Read The Second Sex Page 27


  What man thus cherishes and detests first in woman, lover as well as mother, is the fixed image of her animal destiny, the life essential to her existence, but that condemns her to finitude and death. From the day of birth, man begins to die: this is the truth that the mother embodies. In procreating, he guarantees the species against himself: this is what he learns in his wife’s arms; in arousal and in pleasure, even before engendering, he forgets his singular self. Should he try to differentiate them, he still finds in both one fact alone, that of his carnal condition. He wants to accomplish it: he venerates his mother; he desires his mistress. But at the same time, he rebels against them in disgust, in fear.

  An important text where we will find a synthesis of almost all these myths is Jean-Richard Bloch’s La nuit kurde (A Night in Kurdistan), in which he describes young Saad’s embraces of a much older but still beautiful woman during the plundering of a city:

  The night abolished the contours of things and feelings alike. He was no longer clasping a woman to him. He was at last nearing the end of an interminable voyage that had been pursued since the beginning of the world. Little by little he dissolved into an immensity that cradled him round without shape or end. All women were confused into one giant land, folded upon him, suave as desire burning in summer …

  He, meanwhile, recognised with a fearful admiration the power that is enclosed within woman, the long, stretched, satin thighs, the knees like two ivory hills. When he traced the polished arch of the back, from the waist to the shoulders, he seemed to be feeling the vault that supports the world. But the belly ceaselessly drew him, a tender and elastic ocean, whence all life is born, and whither it returns, asylum of asylums, with its tides, horizons, illimitable surfaces.

  Then he was seized with a rage to pierce that delightful envelope, and at last win to the very source of all this beauty. A simultaneous urge wrapped them one within the other. The woman now only lived to be cleaved by the share, to open to him her vitals, to gorge herself with the humours of the beloved. Their ecstasy was murderous. They came together as if with stabbing daggers …

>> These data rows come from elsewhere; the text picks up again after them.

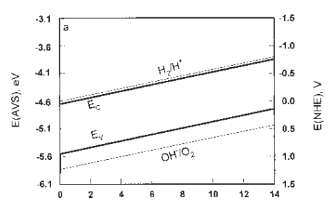 你这种善于思考分析问题的方式值得嘉奖。 你的质疑是正确的,半导体导带能级不会随pH升高而变化,变化的H+的还原电位随pH增加而变得更负。要想半导体导带上的电子转移到H+能级上,H+的能级必须低于导带能级,根据你给的E-pH图可以看出,原来在酸性和中性条件下H+能还原的反应,不一定就能在碱性区域发生。因为,半导体导带能级位置还是原来的位置,可碱性下H+的电位能级位置却向上移动,有可能接近甚至向上超过导带能级,这时发生从导带向H+能级转移电子几率降低,甚至不转移了。因此,CdS文献中观察的结果是对的,可那个作者误认为pH改变了半导体的导带位置。 |
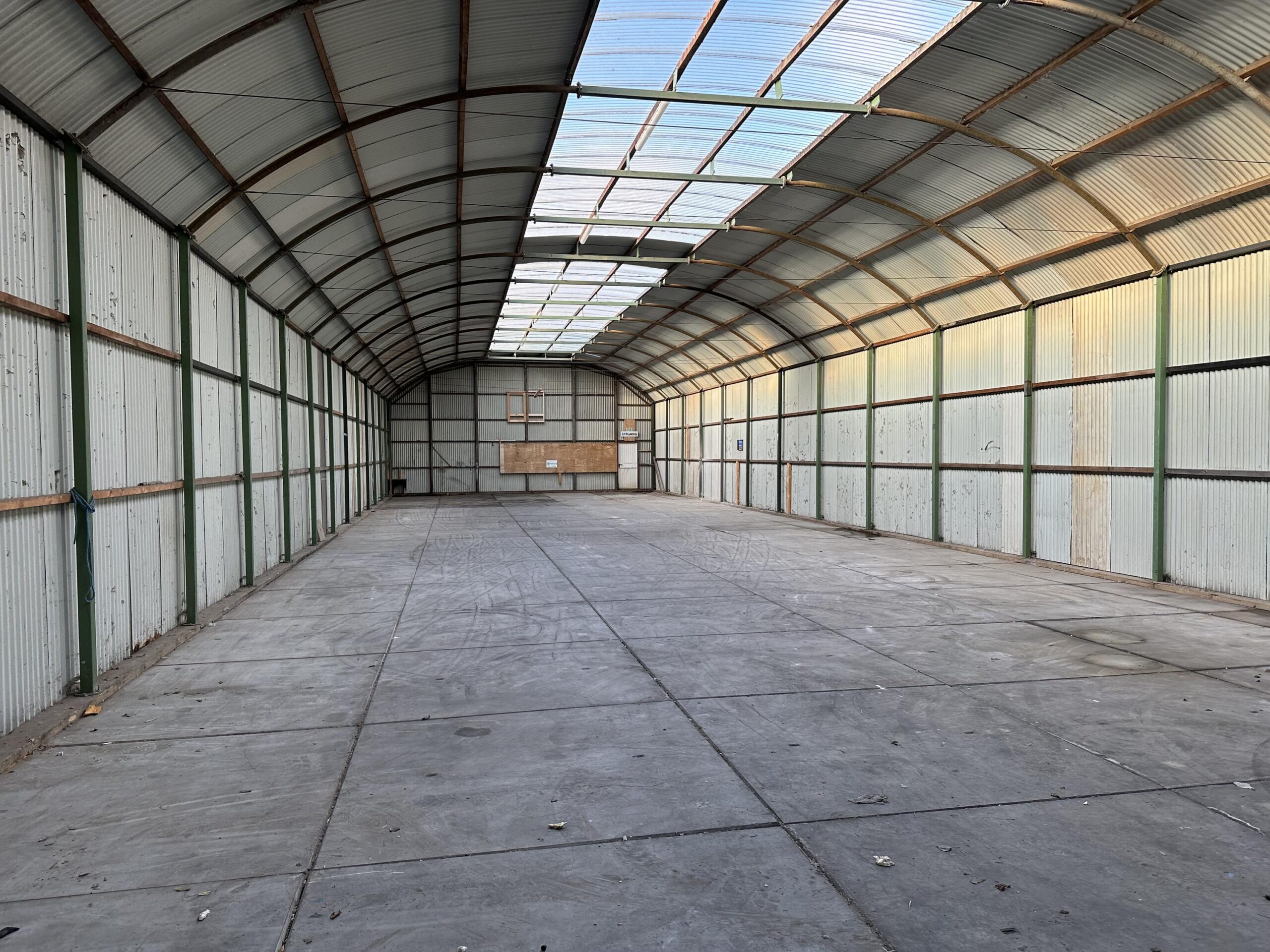 - 2 Romneyloodsen (vrije hoogte ca. 5,96 m) v.v. lichtstraten, verlichting, loopdeuren en dubbele schuifdeuren.
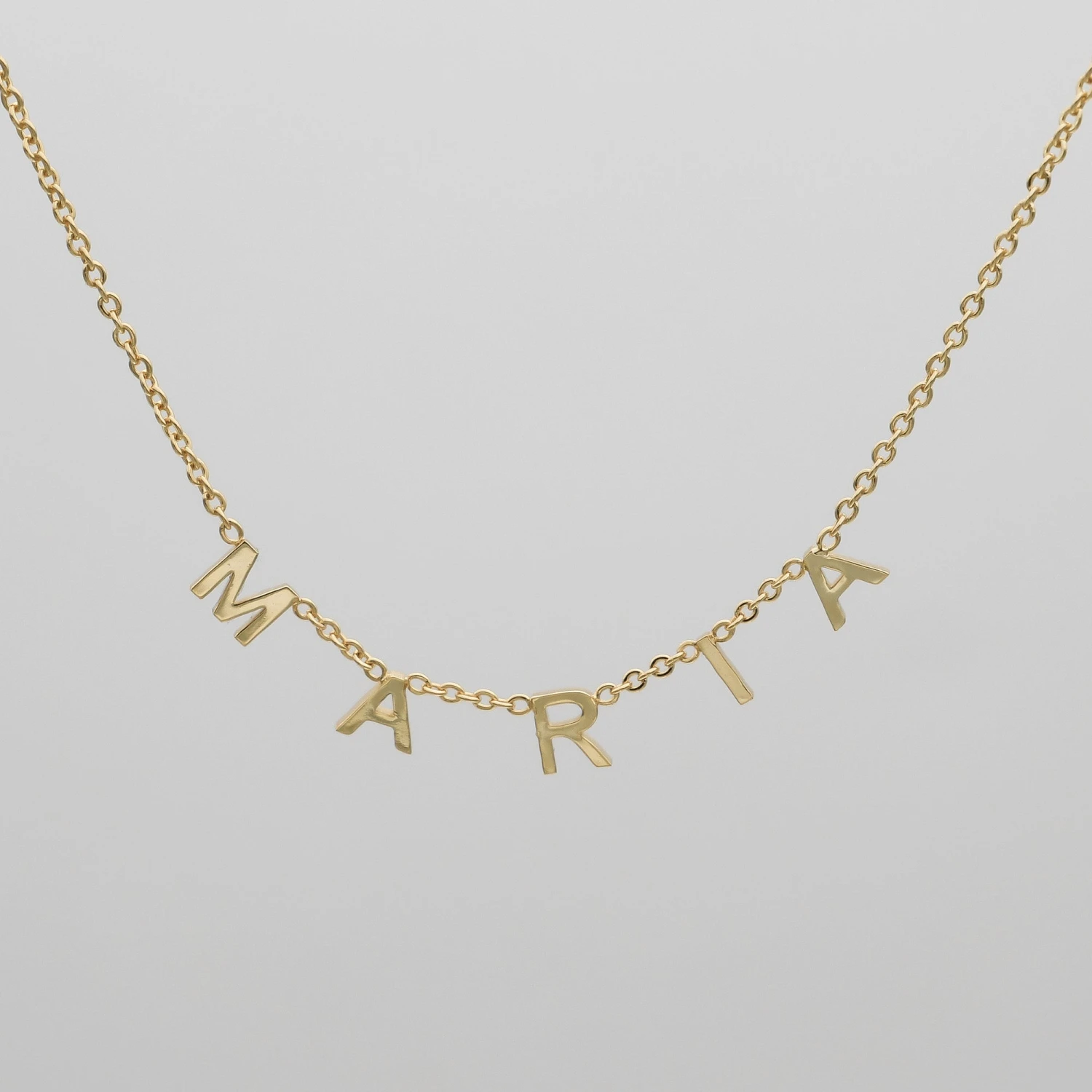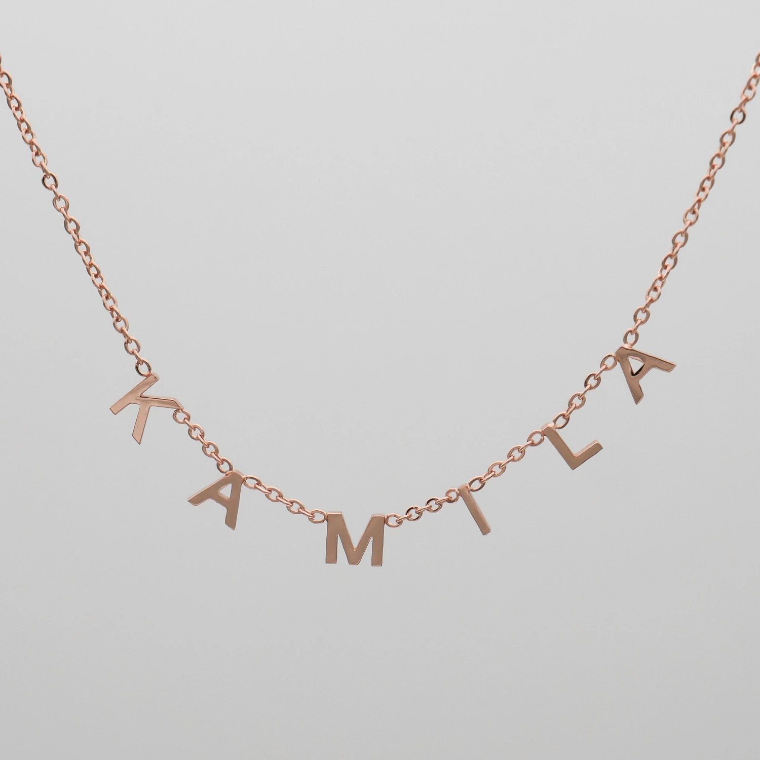 Embrace the elegance of personalised jewellery with our Classic Suspended Custom Name Necklace. Crafted in high quality metals including 18k Gold and Silver plated, this timeless piece captures the beauty of your chosen name in a delicate, suspended design. Perfect for daily wear, this custom necklace is more than an accessory; it’s a statement of individuality and connection. With durable materials and a minimalist design, this necklace complements any outfit, adding a touch of personal sophistication.

  He, man, the isolated, the separated, the cut off, was going to gush forth from out of his own substance, he, the first, would come forth from his fleshly prison and at last go free, matter and soul, into the universal matrix. To him was reserved the unheard of happiness of overpassing the limits of the creature, of dissolving into the one exaltation object and subject, question and answer, of annexing to being all that is not being, and of embracing, in an unextinguishable river, the empire of the unattainable …

  But each coming and going of the bow awoke, in the precious instrument it held at its mercy, vibrations more and more piercing. Suddenly, a last spasm unloosed him from the zenith, and cast him down again to earth, to the mire.

  As the woman’s desire is not quenched, she imprisons her lover between her legs, and he feels in spite of himself his desire returning: she is thus an enemy power who grabs his virility, and while possessing her again, he bites her throat so deeply that he kills her. The cycle from mother to woman-lover to death meanders to a complex close.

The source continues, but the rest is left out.